Before excluding individual pages or blog section, make sure you have disabled the “Hide site from search engines” option as explained above. It does not make sense to hide a page when your entire site is already hidden. Therefore, first make your site visible to search engines and then hide a single page or post.
Note that you can also hide a specific page by setting an access password or allowing member only access. You can do this using “Visibility” setting by selecting a page under “Pages” section.
Disallowing Blog Posts in Robots.txt File
Unfortunately, Weebly does not allow blocking a single blog post. What you can do is to disallow the entire blog page similar to hiding a standard page as explained above. However, this will be block entire “blog” directory and hence all blog posts in your site. This will have a big impact when you have larger number of published posts.
- When you are in Weebly site editor, go to your “Pages” section and click on the “Blog” page. make sure to select your blog page as the name could be anything that you have given when creating your Weebly blog.

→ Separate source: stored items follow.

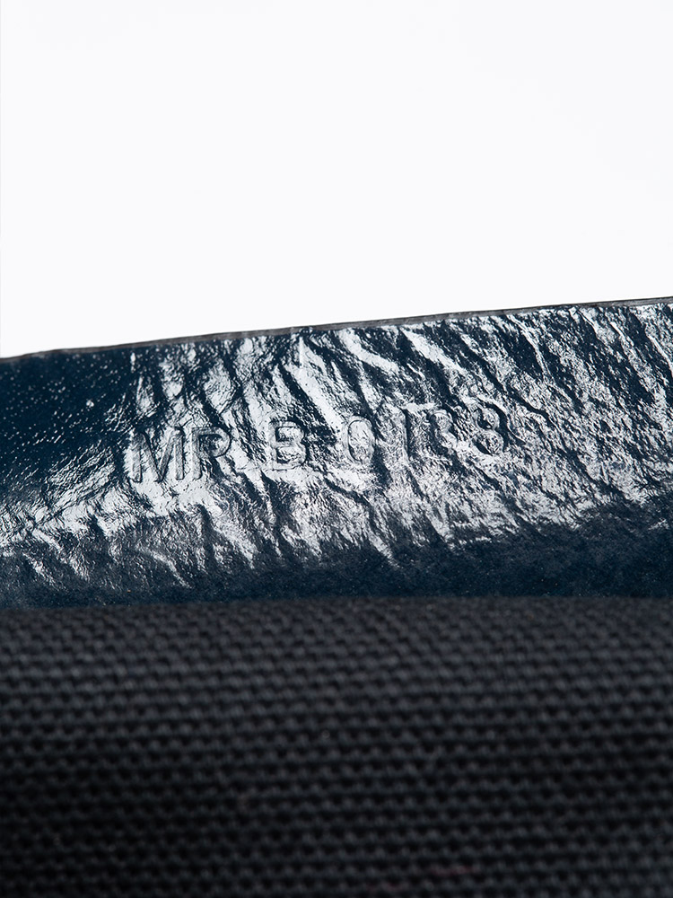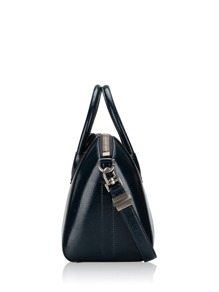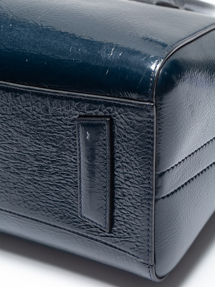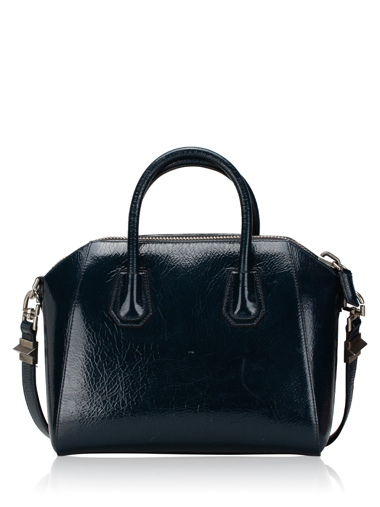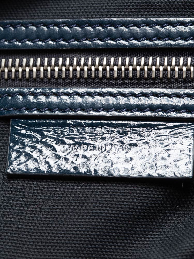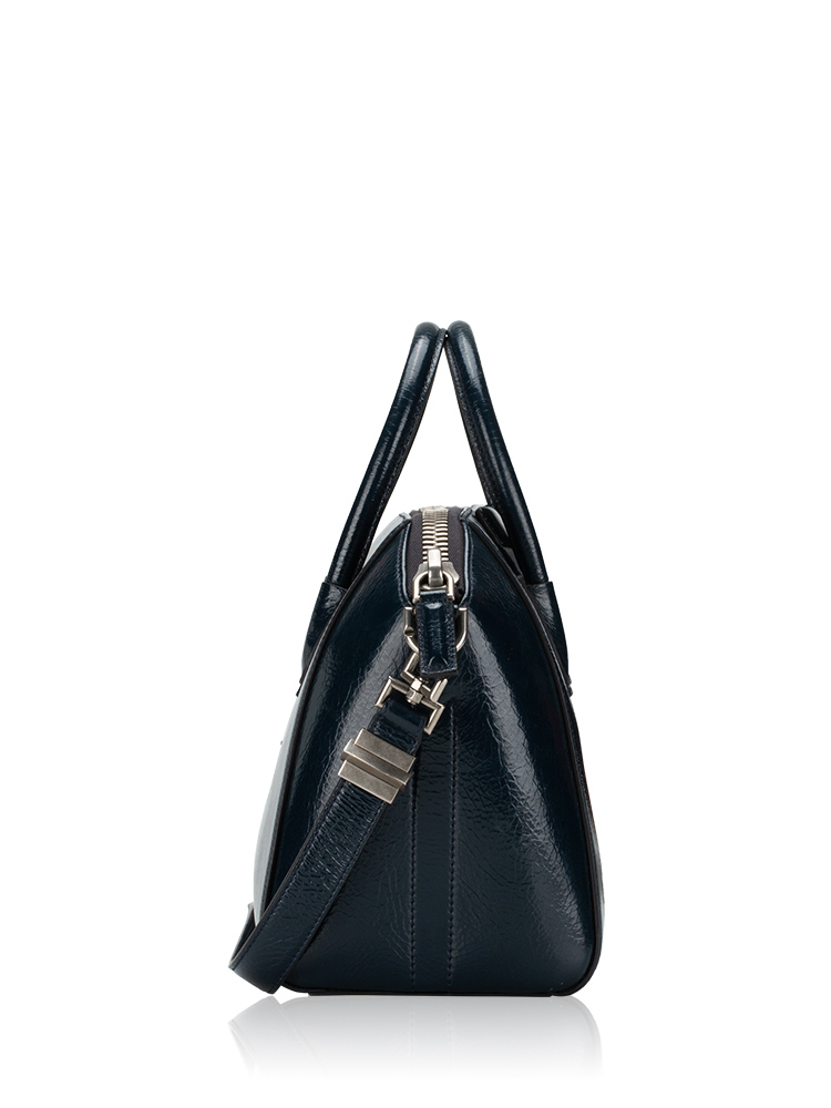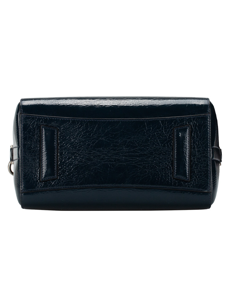 Crafted of crinkled patent deerskin leather. Features with rolled top handles, an optional shoulder strap with aged silver hardware, and extended sides. The top zipper opens to a fabric interior with zipper and patch pockets.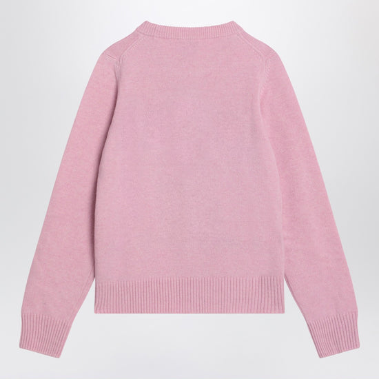 Ganni round-neck sweater in pink wool blend, featuring a front intarsia with a poodle and logo lettering, long sleeves, ribbed edges, and a regular fit. Size and Fit - Model wears size S Model measurements: Height: 179 cm Chest: 82 cm Waist: 65 cm Hips: 90 cm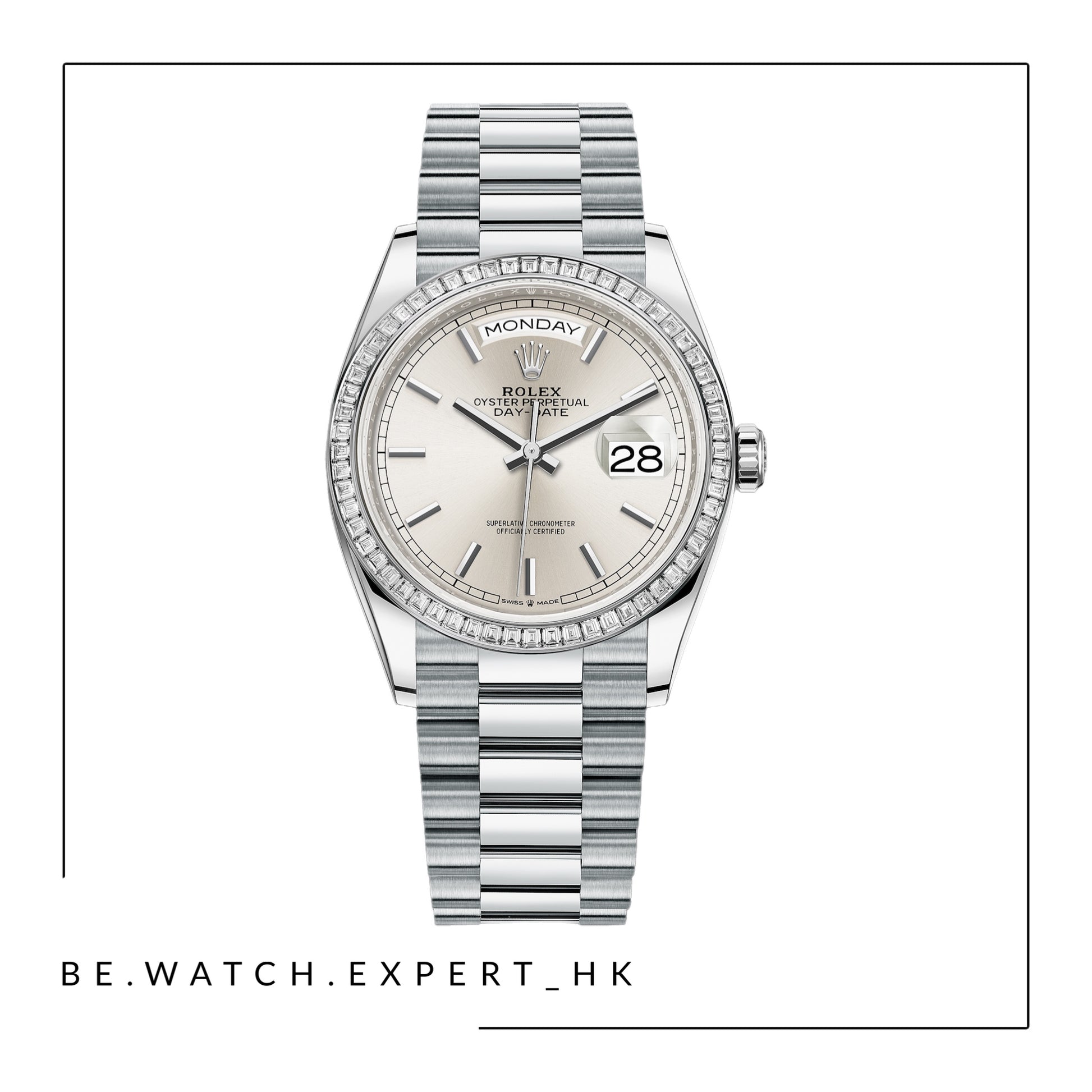 鉑金款,搭配銀色錶面、鑲鑽石外圈及元首型(PRESIDENT)錶帶

- Go to “SEO Settings” section and select “Hide this page from search engines” option.
- Publish your site and check the robots.txt file in a separate browser window.
Unlike disallowing single page, you can see all blog related pages are blocked in the file.
Here is the detail of all blocked blog items in Weebly robots.txt file:
|Blocked Page / Section
|This is the blog page showing all posts. However, this page will be redirected to yoursite.com/blog page in Weebly.
|This is your blog feed URL.
|https://yoursite.com/blog/ https://yoursite.com/blog/first-post https://yoursite.com/blog/last-post
|This will disallow all blog posts which generally appears after /blog/ part in the URL. If you open yoursite.com/blog/ page, it will be redirected to yoursite.com/blog.
|This is the actual blog page you will see in browser when opening blog page.
When you have multiple blogs on your site, you will see corresponding entries for all blog pages in robots.txt file. The feed URL will change to /2/ for second blog and so on.
Limitations of Editing Weebly Robots.txt File
Though it is easy to block entire site and single pages in Weebly, you will have lot of restrictions.
- By default, all user-agents will be blocked and there are no options to block only a specific bot.
- You can’t block individual blog posts and blocking the entire blog will be a bad idea for this purpose.
- Weebly store pages like your product and category pages can’t be blocked with robots.txt file. However, Weebly blocks all uploaded store files and content from accessing them publicly.
Disallowing a page in robots.txt file will also remove that page from your XML Sitemap. However, search engines still can find the blocked page if it is linked from other pages. The best example is using Weebly search box which will show the result including your blocked pages.